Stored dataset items
-- -- --

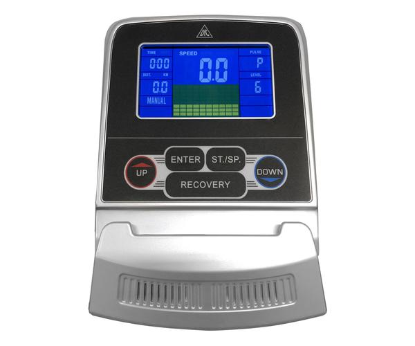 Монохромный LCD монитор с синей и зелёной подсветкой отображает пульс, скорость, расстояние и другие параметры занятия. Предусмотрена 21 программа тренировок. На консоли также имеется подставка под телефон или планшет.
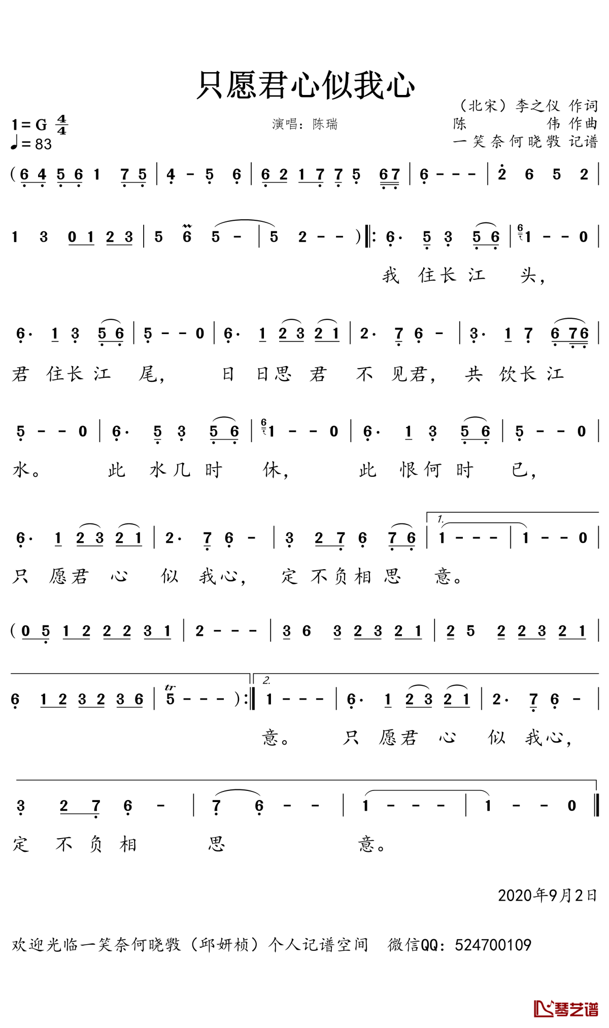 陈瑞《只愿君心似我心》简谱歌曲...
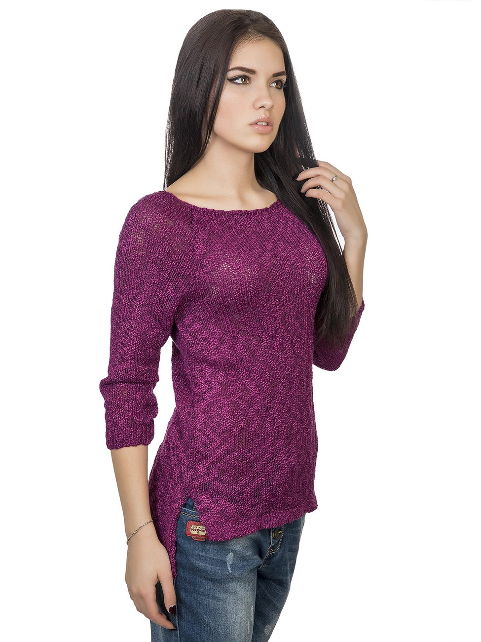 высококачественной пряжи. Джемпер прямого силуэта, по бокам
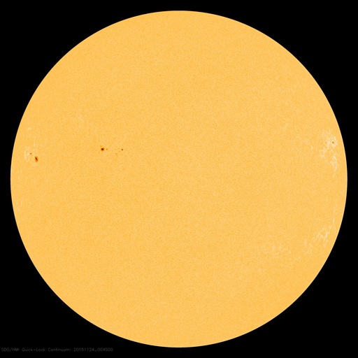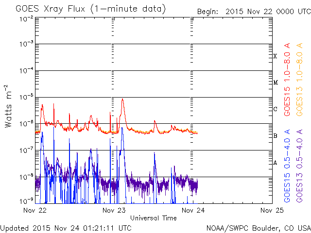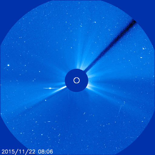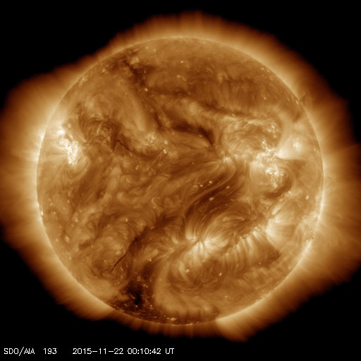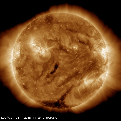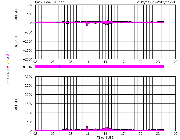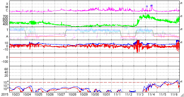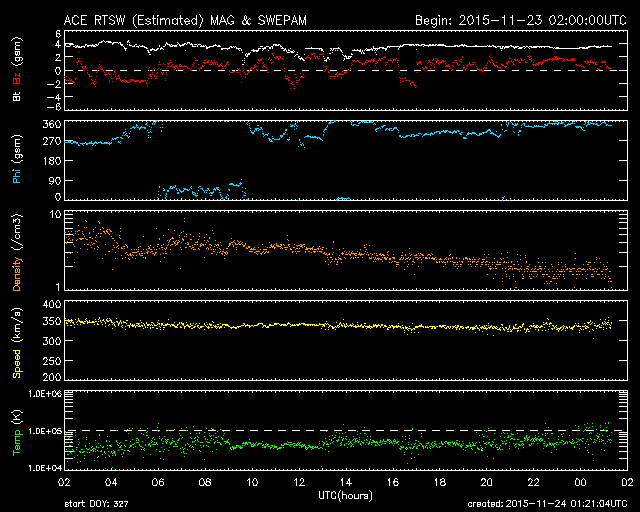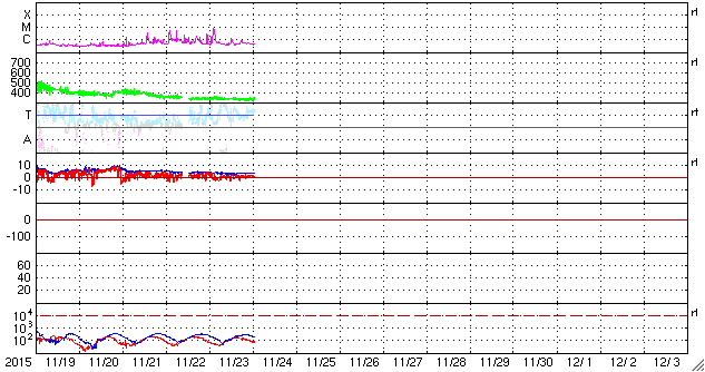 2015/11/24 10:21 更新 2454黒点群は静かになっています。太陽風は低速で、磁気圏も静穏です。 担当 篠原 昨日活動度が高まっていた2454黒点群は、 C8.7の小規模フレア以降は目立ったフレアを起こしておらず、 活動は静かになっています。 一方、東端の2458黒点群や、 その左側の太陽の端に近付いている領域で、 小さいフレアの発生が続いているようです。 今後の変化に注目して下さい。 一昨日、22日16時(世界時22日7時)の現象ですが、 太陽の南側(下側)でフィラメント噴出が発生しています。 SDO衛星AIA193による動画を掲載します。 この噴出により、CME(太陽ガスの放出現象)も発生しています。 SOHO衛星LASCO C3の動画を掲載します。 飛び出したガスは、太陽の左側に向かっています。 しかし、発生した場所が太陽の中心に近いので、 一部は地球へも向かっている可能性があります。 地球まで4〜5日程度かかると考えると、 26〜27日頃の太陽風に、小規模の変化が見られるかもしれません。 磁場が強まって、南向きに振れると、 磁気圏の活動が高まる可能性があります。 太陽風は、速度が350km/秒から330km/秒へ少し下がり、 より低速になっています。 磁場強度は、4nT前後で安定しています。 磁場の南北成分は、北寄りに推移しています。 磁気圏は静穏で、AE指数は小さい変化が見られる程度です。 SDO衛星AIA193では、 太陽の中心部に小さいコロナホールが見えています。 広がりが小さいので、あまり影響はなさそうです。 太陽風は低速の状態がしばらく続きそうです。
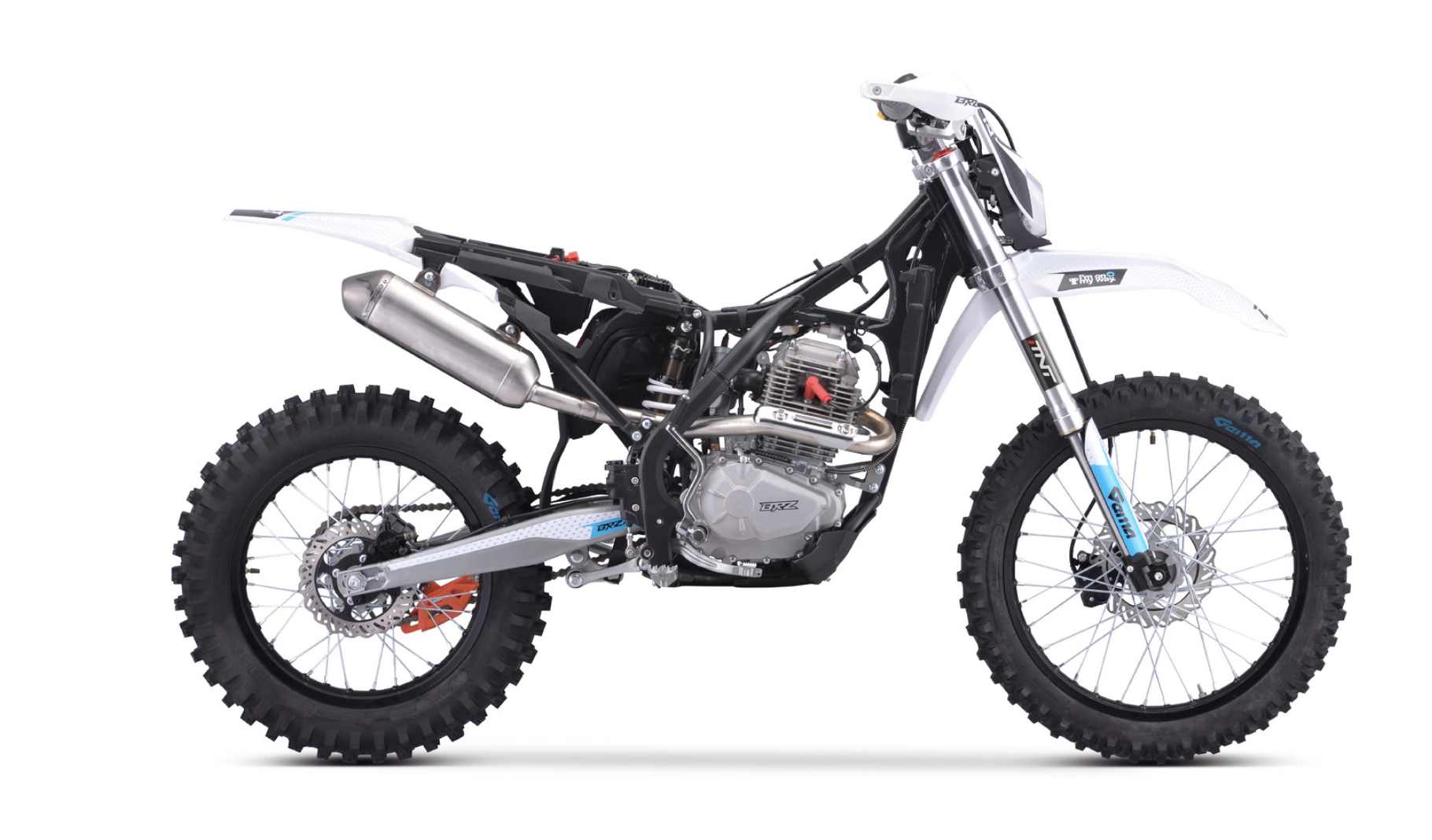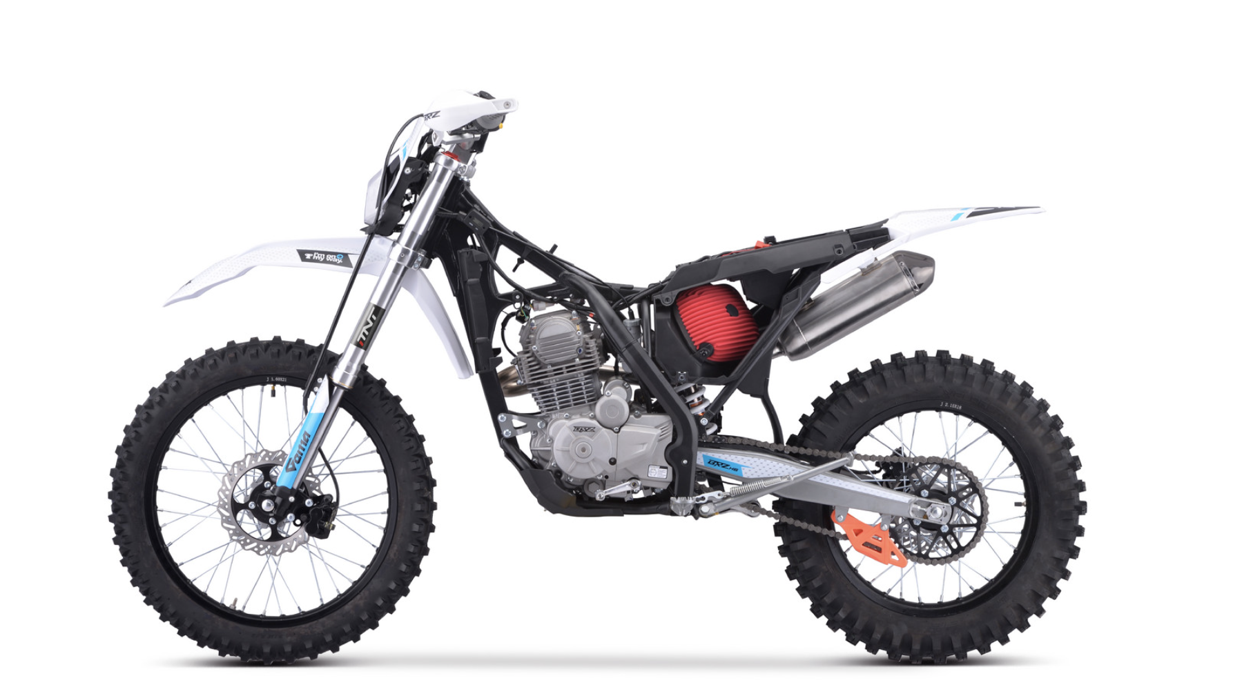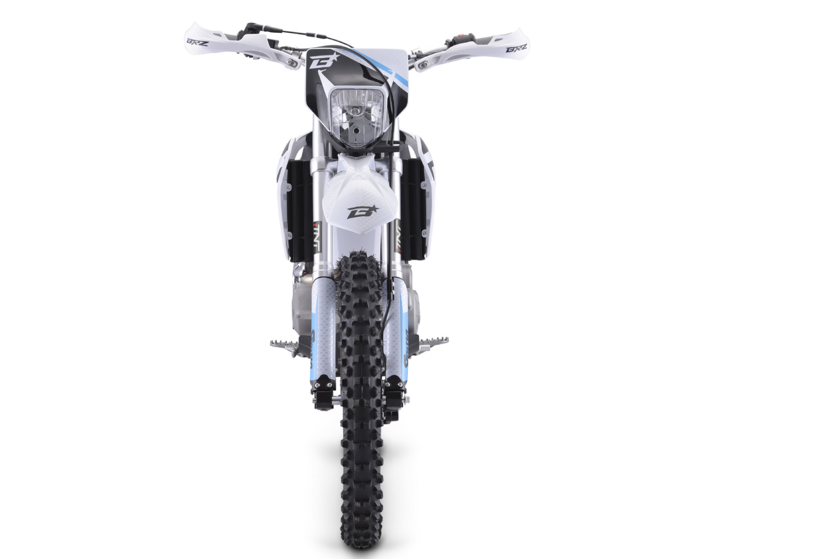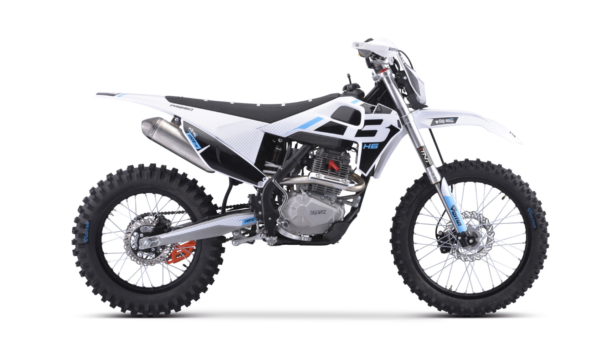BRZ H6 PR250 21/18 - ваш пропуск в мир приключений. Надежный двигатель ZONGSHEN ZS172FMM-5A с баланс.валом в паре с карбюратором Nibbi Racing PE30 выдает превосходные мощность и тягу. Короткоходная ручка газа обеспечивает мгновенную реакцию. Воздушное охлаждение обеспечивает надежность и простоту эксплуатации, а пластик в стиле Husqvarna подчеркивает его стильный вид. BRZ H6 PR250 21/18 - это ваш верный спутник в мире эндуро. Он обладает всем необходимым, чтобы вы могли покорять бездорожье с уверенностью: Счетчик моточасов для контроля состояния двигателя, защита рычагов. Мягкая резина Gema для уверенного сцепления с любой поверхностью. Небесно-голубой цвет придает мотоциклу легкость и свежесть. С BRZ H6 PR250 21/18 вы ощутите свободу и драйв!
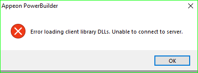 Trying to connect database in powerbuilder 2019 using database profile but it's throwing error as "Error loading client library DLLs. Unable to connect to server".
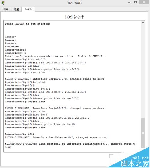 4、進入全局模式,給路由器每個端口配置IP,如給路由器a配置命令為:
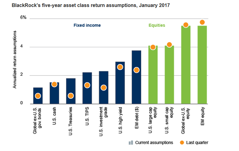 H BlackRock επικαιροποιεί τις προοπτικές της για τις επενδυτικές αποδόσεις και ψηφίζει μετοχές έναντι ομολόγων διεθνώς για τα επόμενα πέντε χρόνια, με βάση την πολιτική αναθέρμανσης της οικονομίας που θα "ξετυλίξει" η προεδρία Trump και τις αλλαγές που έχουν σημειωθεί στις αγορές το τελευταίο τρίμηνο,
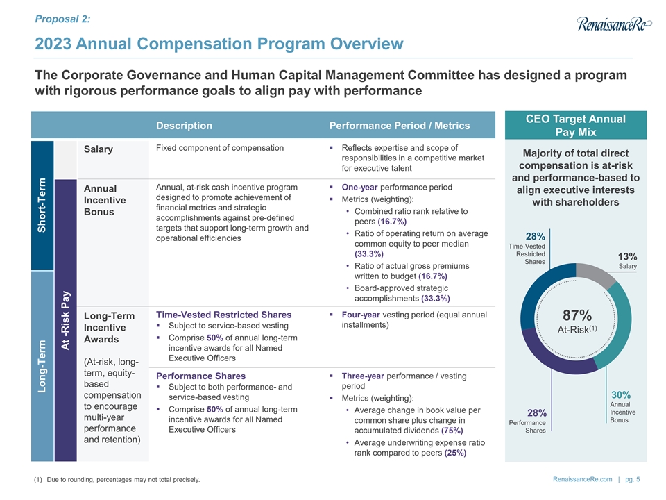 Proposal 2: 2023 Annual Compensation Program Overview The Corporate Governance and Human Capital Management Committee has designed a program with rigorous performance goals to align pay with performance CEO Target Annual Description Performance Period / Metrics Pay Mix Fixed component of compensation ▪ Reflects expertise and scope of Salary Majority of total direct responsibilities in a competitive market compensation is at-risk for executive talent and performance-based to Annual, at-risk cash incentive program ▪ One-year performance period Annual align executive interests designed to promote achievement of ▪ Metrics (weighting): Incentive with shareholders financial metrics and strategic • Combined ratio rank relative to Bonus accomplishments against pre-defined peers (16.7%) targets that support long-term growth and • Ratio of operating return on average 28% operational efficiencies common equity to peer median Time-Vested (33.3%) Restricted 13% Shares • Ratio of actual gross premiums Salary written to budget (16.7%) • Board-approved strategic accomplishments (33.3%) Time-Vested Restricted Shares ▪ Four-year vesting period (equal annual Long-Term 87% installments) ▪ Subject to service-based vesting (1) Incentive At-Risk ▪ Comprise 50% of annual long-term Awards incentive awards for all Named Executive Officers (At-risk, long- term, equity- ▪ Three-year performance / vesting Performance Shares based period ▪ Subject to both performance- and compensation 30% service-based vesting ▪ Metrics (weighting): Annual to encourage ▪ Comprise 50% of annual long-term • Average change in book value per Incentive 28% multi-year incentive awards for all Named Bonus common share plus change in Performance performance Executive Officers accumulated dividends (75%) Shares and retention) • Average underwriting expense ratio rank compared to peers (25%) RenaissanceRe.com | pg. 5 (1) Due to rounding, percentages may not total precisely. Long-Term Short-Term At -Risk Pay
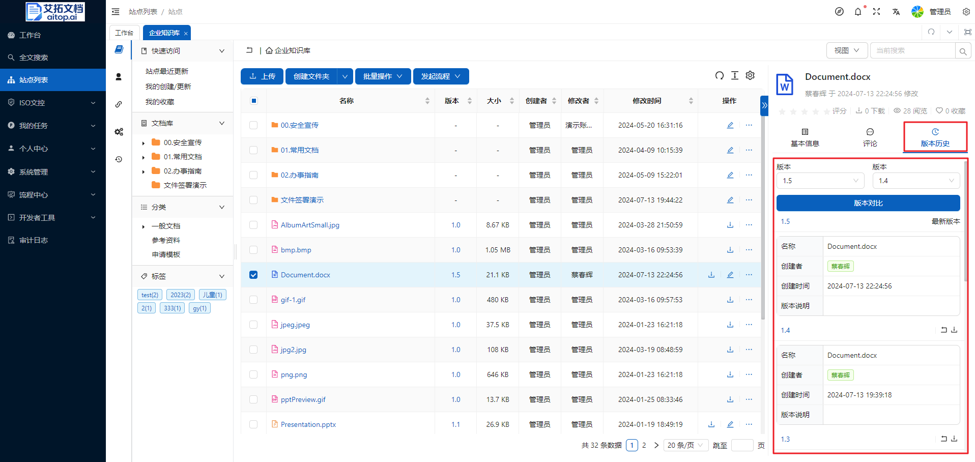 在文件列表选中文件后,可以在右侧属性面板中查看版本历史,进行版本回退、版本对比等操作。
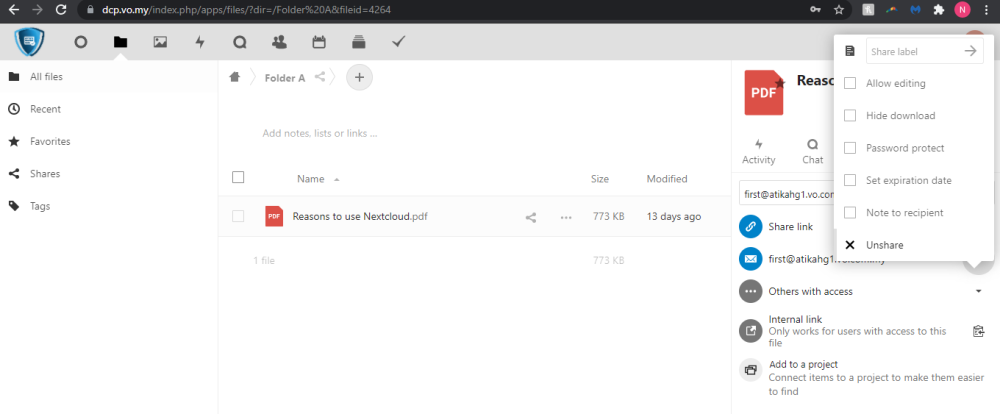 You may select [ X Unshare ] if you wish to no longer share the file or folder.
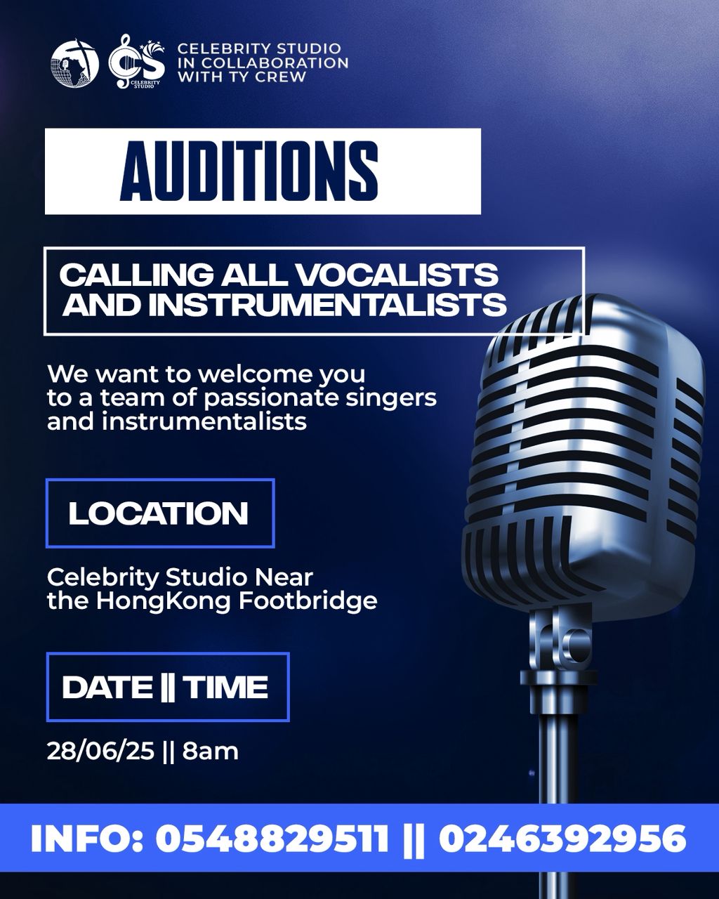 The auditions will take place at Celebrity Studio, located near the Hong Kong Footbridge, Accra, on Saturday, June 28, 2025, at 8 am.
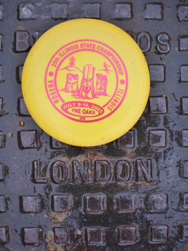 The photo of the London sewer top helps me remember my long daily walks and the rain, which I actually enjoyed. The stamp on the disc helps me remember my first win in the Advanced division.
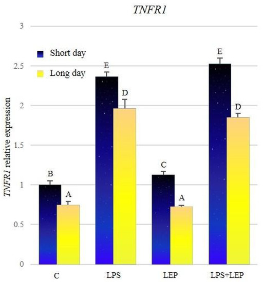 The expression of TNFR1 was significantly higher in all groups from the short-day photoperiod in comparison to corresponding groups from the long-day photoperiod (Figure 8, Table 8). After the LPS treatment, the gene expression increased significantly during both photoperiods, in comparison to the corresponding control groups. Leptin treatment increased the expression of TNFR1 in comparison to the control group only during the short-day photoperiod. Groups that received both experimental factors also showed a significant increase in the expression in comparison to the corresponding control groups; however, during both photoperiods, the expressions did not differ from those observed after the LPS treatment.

-- -- --

Work from the entries above. Set down exactly and only the lines from the line with "BRZ H6 PR250 21/18 - ваш" to the line with "H BlackRock επικαιροποιεί", both included, and leave the pictures out.

:: Solution to this task ::
BRZ H6 PR250 21/18 - ваш пропуск в мир приключений. Надежный двигатель ZONGSHEN ZS172FMM-5A с баланс.валом в паре с карбюратором Nibbi Racing PE30 выдает превосходные мощность и тягу. Короткоходная ручка газа обеспечивает мгновенную реакцию. Воздушное охлаждение обеспечивает надежность и простоту эксплуатации, а пластик в стиле Husqvarna подчеркивает его стильный вид. BRZ H6 PR250 21/18 - это ваш верный спутник в мире эндуро. Он обладает всем необходимым, чтобы вы могли покорять бездорожье с уверенностью: Счетчик моточасов для контроля состояния двигателя, защита рычагов. Мягкая резина Gema для уверенного сцепления с любой поверхностью. Небесно-голубой цвет придает мотоциклу легкость и свежесть. С BRZ H6 PR250 21/18 вы ощутите свободу и драйв!
 Trying to connect database in powerbuilder 2019 using database profile but it's throwing error as "Error loading client library DLLs. Unable to connect to server".
 4、進入全局模式,給路由器每個端口配置IP,如給路由器a配置命令為:
 H BlackRock επικαιροποιεί τις προοπτικές της για τις επενδυτικές αποδόσεις και ψηφίζει μετοχές έναντι ομολόγων διεθνώς για τα επόμενα πέντε χρόνια, με βάση την πολιτική αναθέρμανσης της οικονομίας που θα "ξετυλίξει" η προεδρία Trump και τις αλλαγές που έχουν σημειωθεί στις αγορές το τελευταίο τρίμηνο,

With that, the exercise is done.